Our main result is a lower bound on the communication of any noise-resilient protocol over a star network with $n$-parties. Specifically, we show a task that can be solved by communicating $T$ bits over the noise-free network, but for which any protocol with success probability of $1-o(1)$ must communicate at least $\Omega(T \log n / \log \log n)$ bits when the channels are noisy. By a 1994 result of Rajagopalan and Schulman, the slowdown we prove is the highest one can obtain on any topology, up to a $\log \log n$ factor. We show that our bound is tight for the star network by giving a matching coding scheme.
Joint work with Klim Efremenko, Ran Gelles, and Bernhard Haeupler.
Professor Ran Raz (Weizmann)
Fast Learning Requires Good Memory: A Time-Space Lower Bound for Parity Learning
We prove that any algorithm for learning parities requires either a memory of quadratic size or an exponential number of samples. This proves a recent conjecture of Steinhardt, Valiant and Wager and shows that for some learning problems a large storage space is crucial.
More formally, in the problem of parity learning, an unknown string $x \in \{0,1\}^n$ was chosen uniformly at random. A learner tries to learn $x$ from a stream of samples $(a_1, b_1), (a_2, b_2)... $, where each $a_t$ is uniformly distributed over $\{0,1\}^n$ and $b_t$ is the inner product of $a_t$ and $x$, modulo 2. We show that any algorithm for parity learning, that uses less than $n^2/25$ bits of memory, requires an exponential number of samples.
Previously, there was no non-trivial lower bound on the number of samples needed, for any learning problem, even if the allowed memory size is $O(n)$ (where $n$ is the space needed to store one sample).

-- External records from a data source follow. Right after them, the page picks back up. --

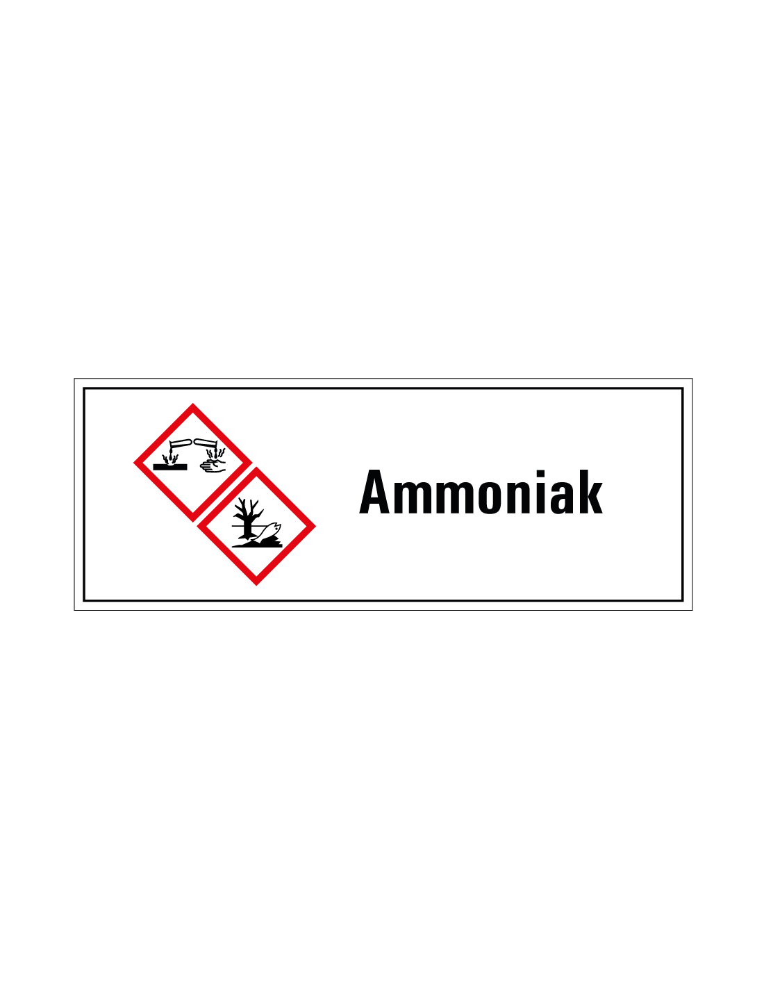 De ammoniak 2 GHS tekststicker met pictogrammen van GHS05 en GHS09 geeft aan dat met een chemische stof voorzichtig omgegaan moet worden. Er zitten namelijk gevaarlijke chemicaliën in de stof die de gezondheid kunnen schaden.
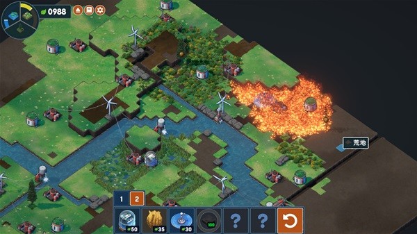 除了这种基础地块的转化,游戏中还存在“二次建造”以及“深度变化”,比如沼泽地需要建造在河边的灌溉机——这就提出了复合化的需求,也让玩家在最开始铺设灌溉机时,就需要更多的为后续的进一步改造做考虑,类似的还有蜂巢需要挂在松树上等等。而类似于草地这种已经改造完成的环境,还可以用太阳能设施放一把野火——野火会把没有山坡和河流隔断的绿化焚烧殆尽,但是也会留下养分丰富的草木灰,可以转化为二阶的绿化设施(游戏一共包含了三阶绿化设施,一阶是基础变化、二阶是进阶&复合变化、三阶是回收&动物相关)。
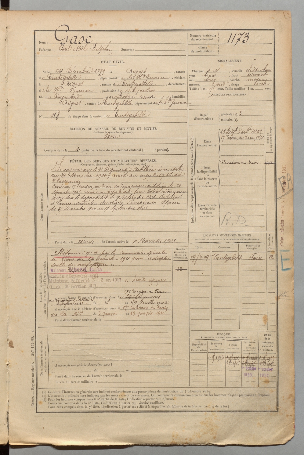 | Gasc | Paul Noël Delphin | FOIX | 1 R 458 | 1899 | Aignes | Aignes | 1173 |
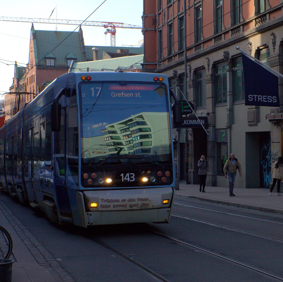 Ein Straßenbahnzug der Linie 17 in Oslo, moderne Architektur im Spiegel.
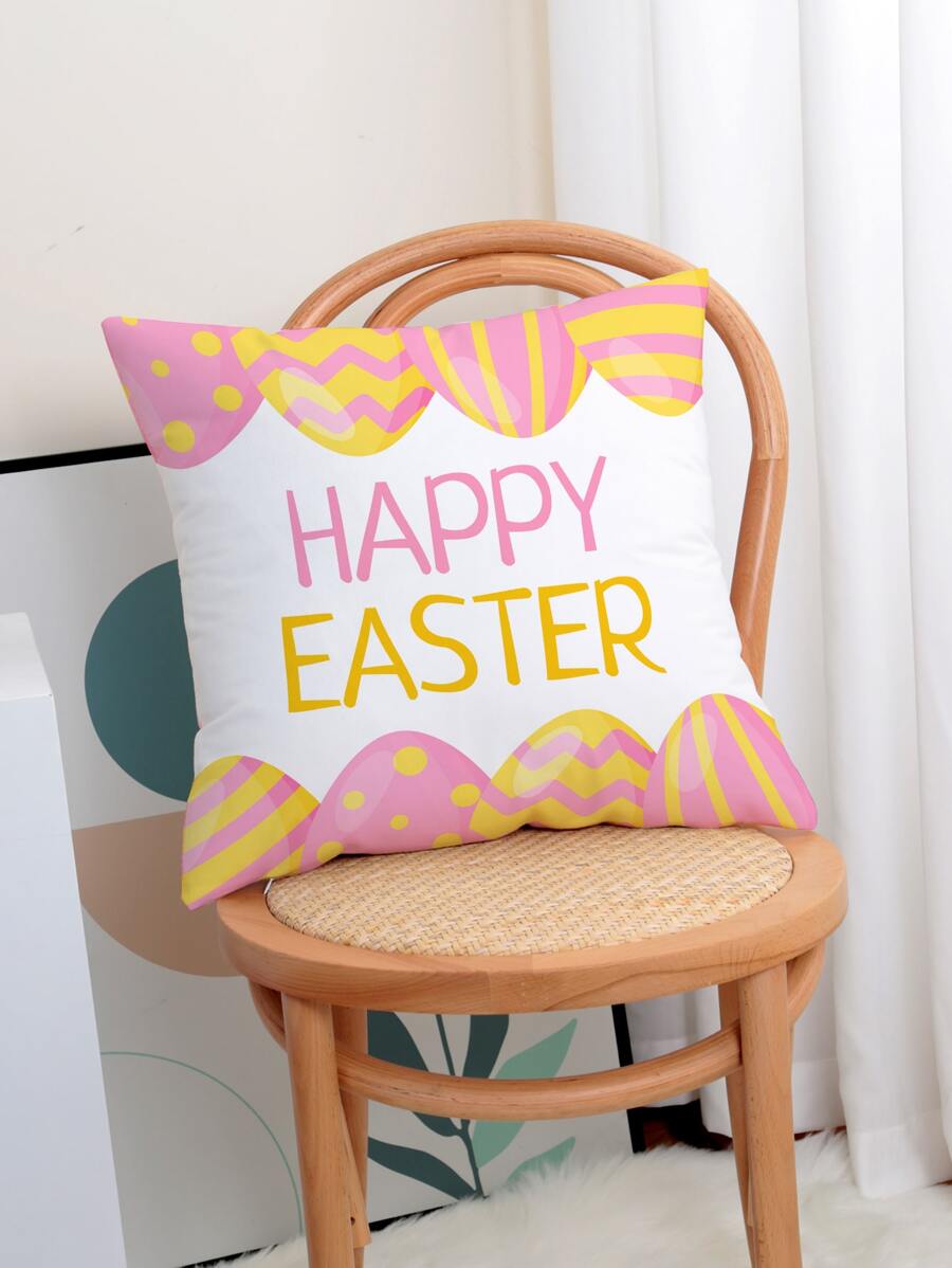 1pc Easter Egg & Slogan Graphic Cushion Cover Without Filler
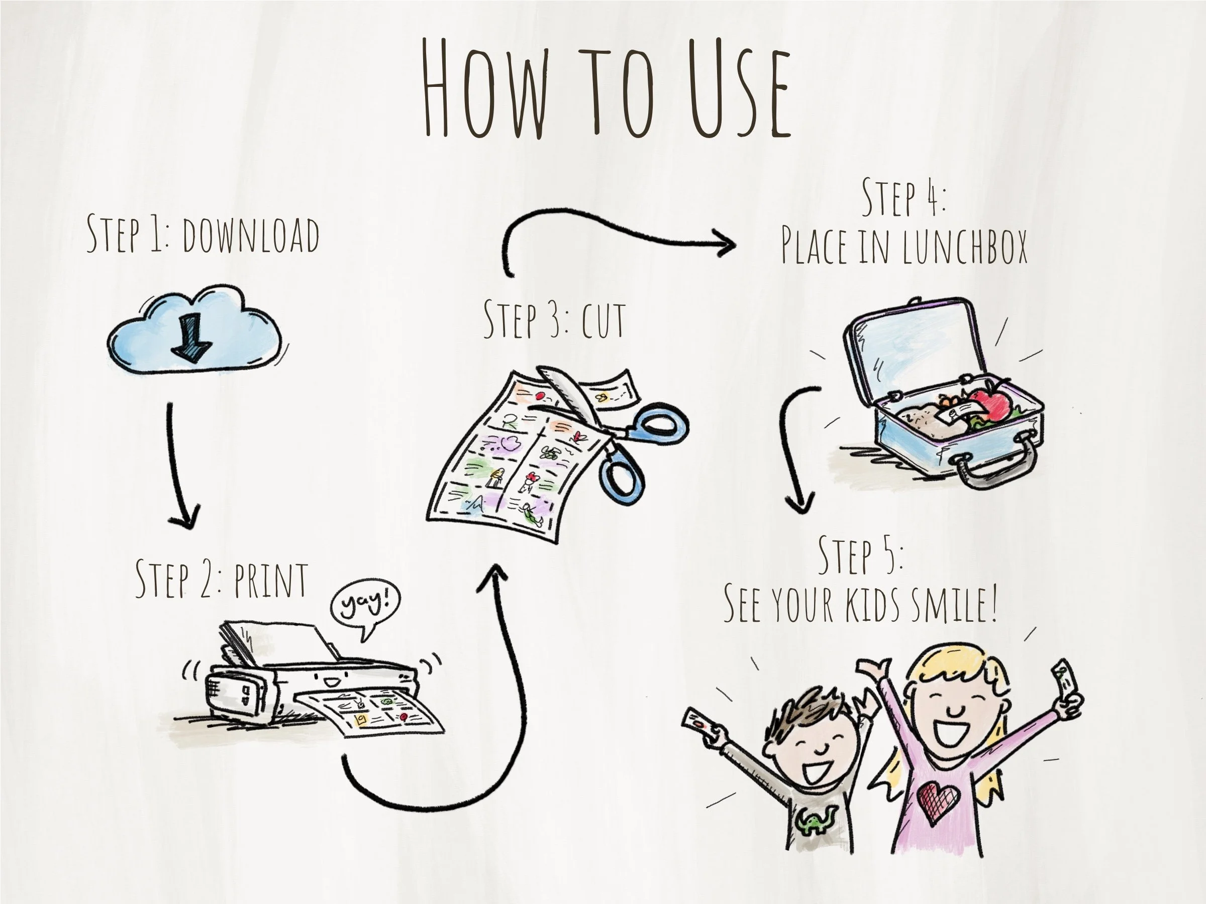 If you’d like to purchase a set, these Lunchbox notes are available in my Etsy shop. Once purchased, you just download the files, print, cut, and then they are ready to place in your kids’ lunchboxes. These notes are a great way to brighten your child’s day and let them know that you’re thinking of them, and they also present an opportunity to share something fun with their classmates.

We also give an application of our result in the field of bounded-storage cryptography. We show an encryption scheme that requires a private key of length $n$, as well as time complexity of $n$ per encryption/decryption of each bit, and is provenly and unconditionally secure as long as the attacker uses less than $n^2/25$ memory bits and the scheme is used at most an exponential number of times. Previous works on bounded-storage cryptography assumed that the memory size used by the attacker is at most linear in the time needed for encryption/decryption.

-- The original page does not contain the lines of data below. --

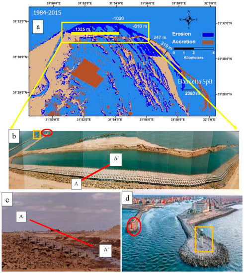 - El-Asmar, H.M.; Taha, M.M.N.; El-Sorogy, A.S. Morphodynamic Changes as an Impact of Human Intervention at the Ras El-Bar-Damietta Harbor Coast, NW Damietta Promontory, Nile Delta, Egypt. J. Afr. Earth Sci. 2016, 124, 323–339. [Google Scholar] [CrossRef]
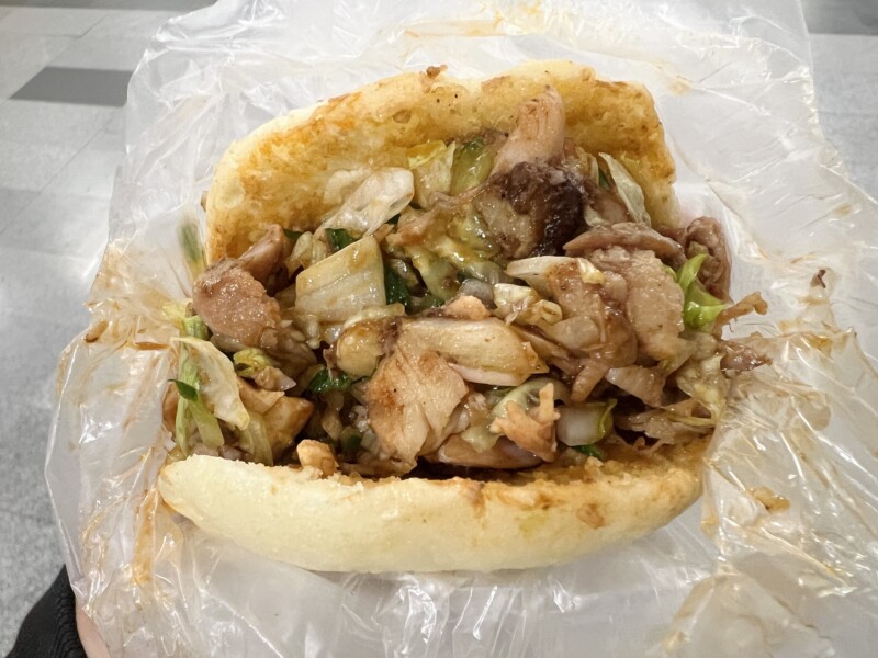 朝食は強風に煽られながら、台味小食というテイクアウトのお店で肉夹馍を買った(≒200円)。こちらは昨日のと違い具材に色々入っていて、これはこれでおいしかった。
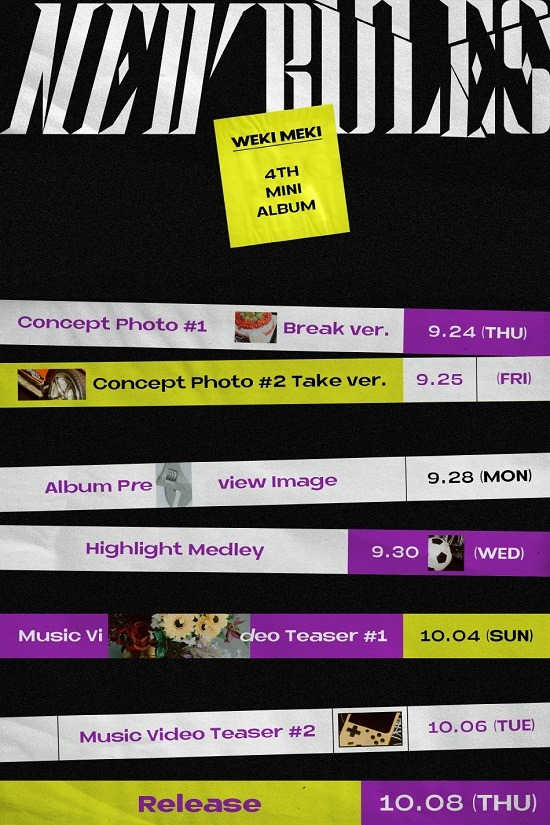 위키미키의 네 번째 미니앨범 ‘NEW RULES’는 ‘화려하고 강렬한 것뿐만 아니라 자유롭고 와일드한 것 또한 위키미키가 추구하는 Girl Spirit’임을 선보일 예정이다. 이 가운데 스케줄러에는 정적인 아름다움이 느껴지는 ‘꽃, 케이크’와 활동적이고 스포티함을 나타내는 ‘자동차, 축구공’ 등의 이미지가 함께 나열되어 앨범의 콘셉트에 대한 호기심을 자극한다.
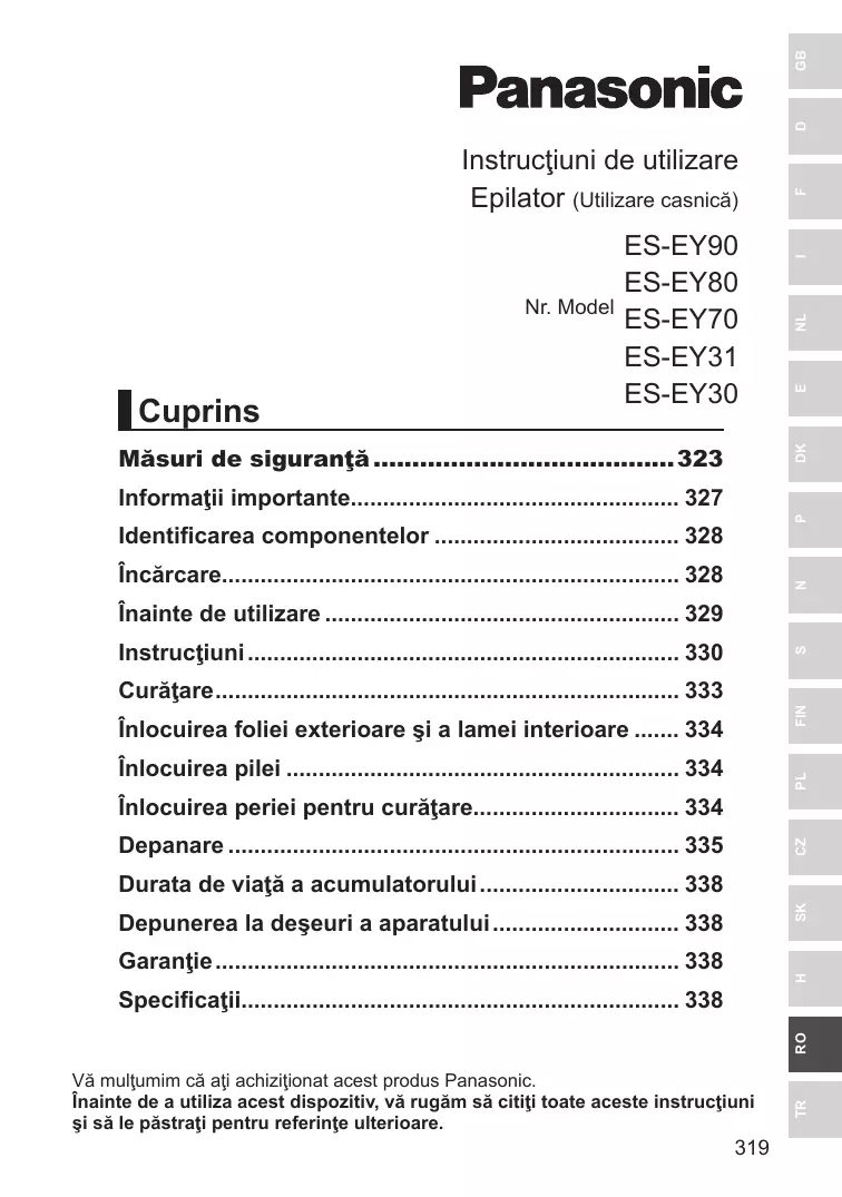 MANUAL DE UTILIZARE ES-EY70A-G503 PANASONIC
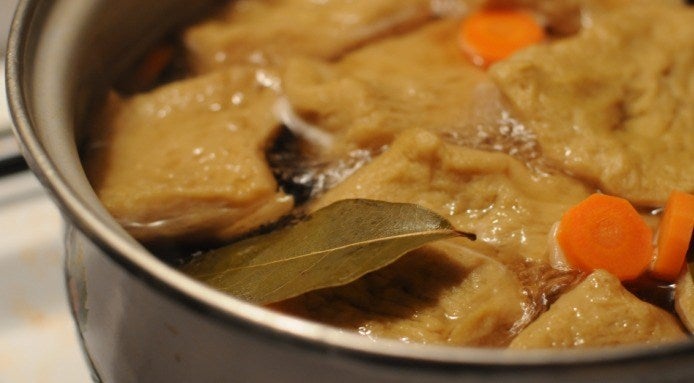 Fate scaldare un’abbondante quantità di brodo vegetale in una pentola. Aggiungete la salsa di soia e l'alga kombu. Quando il brodo arriverà a ebollizione, aggiungete l’impasto avvolto nel canovaccio di cotone. Lasciate cuocere per circa 30 minuti.

Dr. Cynthia Phillips (Sandia National Laboratories)
Cooperative Computing for Autonomous Data Centers
We present a new distributed model for graph computations motivated by limited information sharing. Two autonomous entities have collected large social graphs. They wish to compute the result of running graph algorithms on the entire set of relationships. Because the information is sensitive or economically valuable, they do not wish to simply combine the information in a single location and then run standard serial or parallel graph algorithms. We consider two models for computing the solution to graph algorithms in this setting: 1) limited-sharing: the two entities can share only a polylogarithmic size subgraph; 2) low-trust: the two entities must not reveal any information beyond the query answer, assuming they are both honest but curious. We believe this model captures realistic constraints on cooperating autonomous data centers.